> _ASSIGNMENT_
Copy the data exactly. Images are the one exception.

> _DATA SHOWN_

== Segment start ==

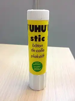 UHU est une entreprise allemande produisant de la colle, principalement sous forme de bâtons et de tubes destinés à l'usage domestique.
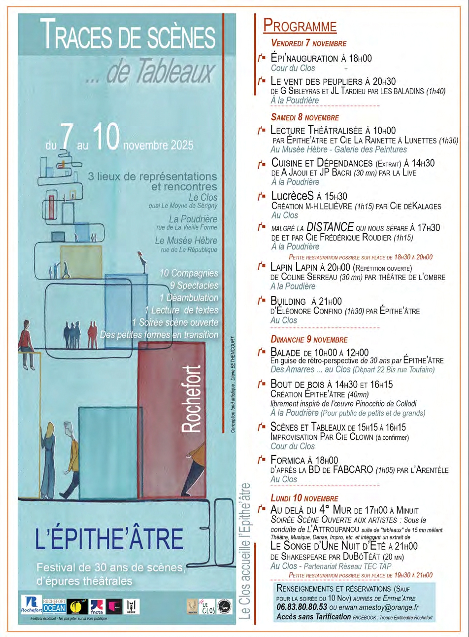 Trente ans que l’Épithe’âtre use ses semelles dans les salles et les festivals du Pays rochefortais. La troupe amateur avait déjà fêté ses dix ans, puis ses vingt ans. Du 7 au 10 novembre, ce sont ses 30 bougies qu’elle soufflera à travers le festival Traces de scènes… de tableaux proposé au musée Hèbre, à la Poudrière et, surtout, au Clos Lapérouse. La manifestation veut être une vitrine de cette compagnie qui conjugue création, exigence et échanges avec générosité.
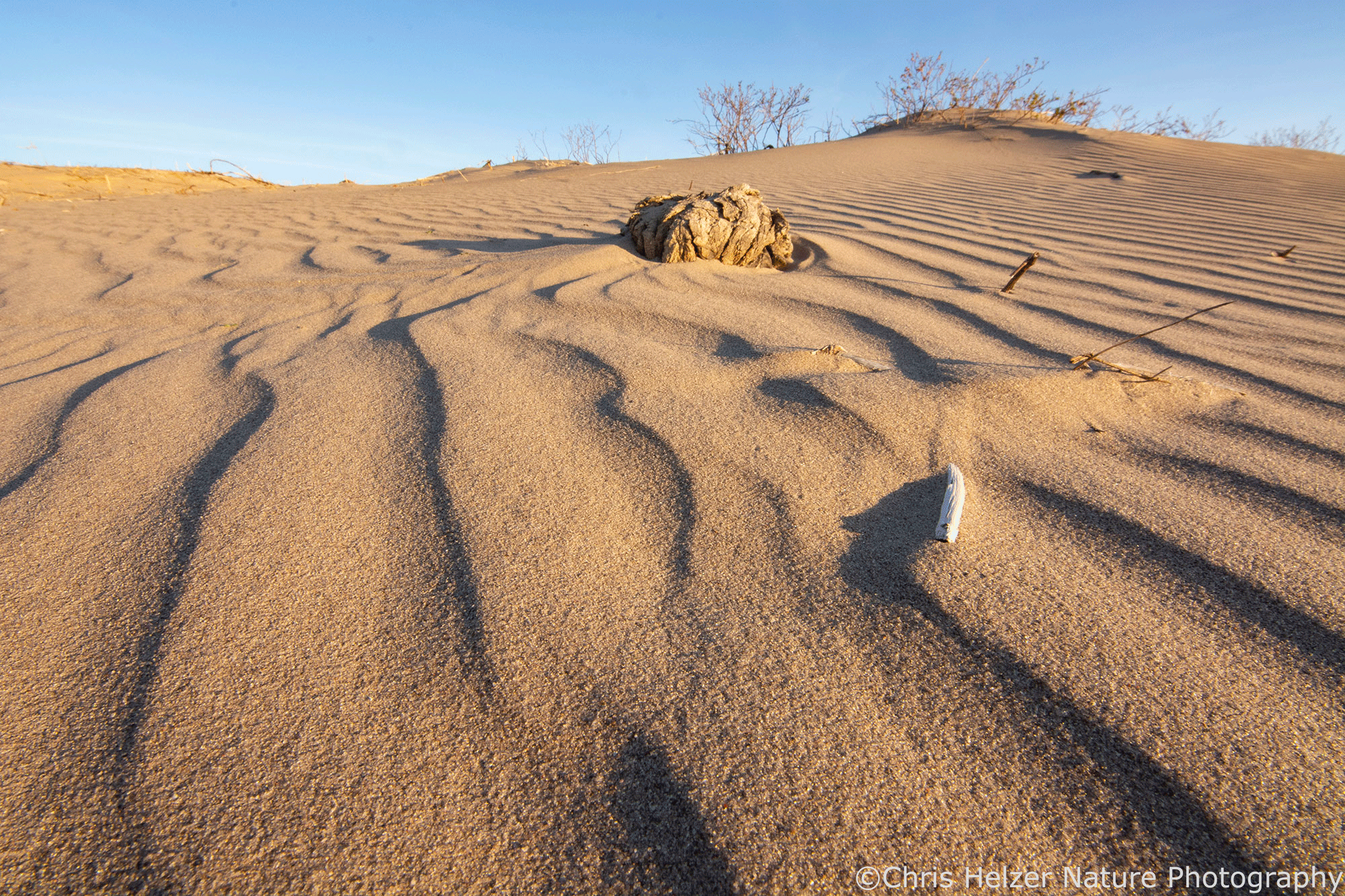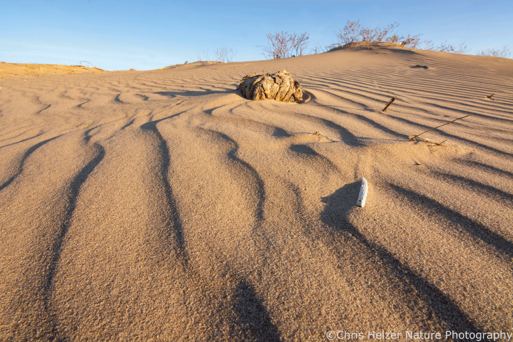 Wind-created patterns in a sand blowout, including around a pile of bison manure in the background. Sand and poop – the subject matter all photographers seek out.
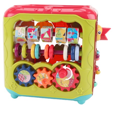 Куб оснащений багатьма різними елементами, які привертають увагу дитини та стимулюють її почуття. Завдяки вбудованим звукам малюк може вивчати різні звуки і вчитися розпізнавати звуки.
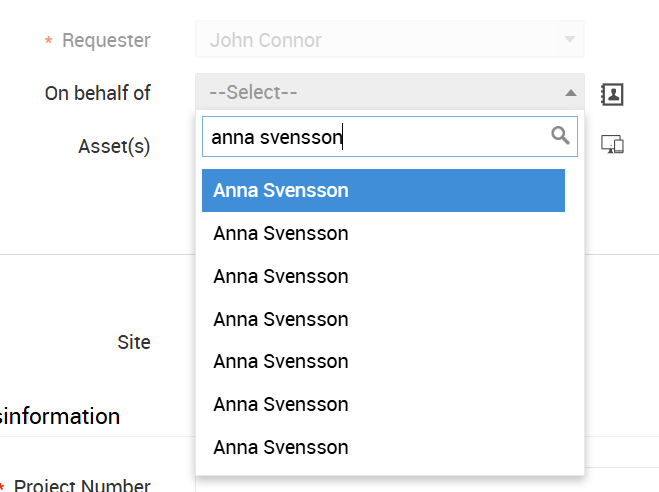 Hoovering over the names doesn't show their e-mail or departments. At least their departments should be listed here for the Requesters.
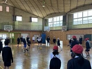 本日の昼休みに、6年生と5年生との交流会を行いました。体育館で一緒にドッヂボールを楽しみ、しっかりよい関係づくりができました。

== Segment end ==

> _SOLUTION_
 UHU est une entreprise allemande produisant de la colle, principalement sous forme de bâtons et de tubes destinés à l'usage domestique.
 Trente ans que l’Épithe’âtre use ses semelles dans les salles et les festivals du Pays rochefortais. La troupe amateur avait déjà fêté ses dix ans, puis ses vingt ans. Du 7 au 10 novembre, ce sont ses 30 bougies qu’elle soufflera à travers le festival Traces de scènes… de tableaux proposé au musée Hèbre, à la Poudrière et, surtout, au Clos Lapérouse. La manifestation veut être une vitrine de cette compagnie qui conjugue création, exigence et échanges avec générosité.
 Wind-created patterns in a sand blowout, including around a pile of bison manure in the background. Sand and poop – the subject matter all photographers seek out.
 Куб оснащений багатьма різними елементами, які привертають увагу дитини та стимулюють її почуття. Завдяки вбудованим звукам малюк може вивчати різні звуки і вчитися розпізнавати звуки.
 Hoovering over the names doesn't show their e-mail or departments. At least their departments should be listed here for the Requesters.
 本日の昼休みに、6年生と5年生との交流会を行いました。体育館で一緒にドッヂボールを楽しみ、しっかりよい関係づくりができました。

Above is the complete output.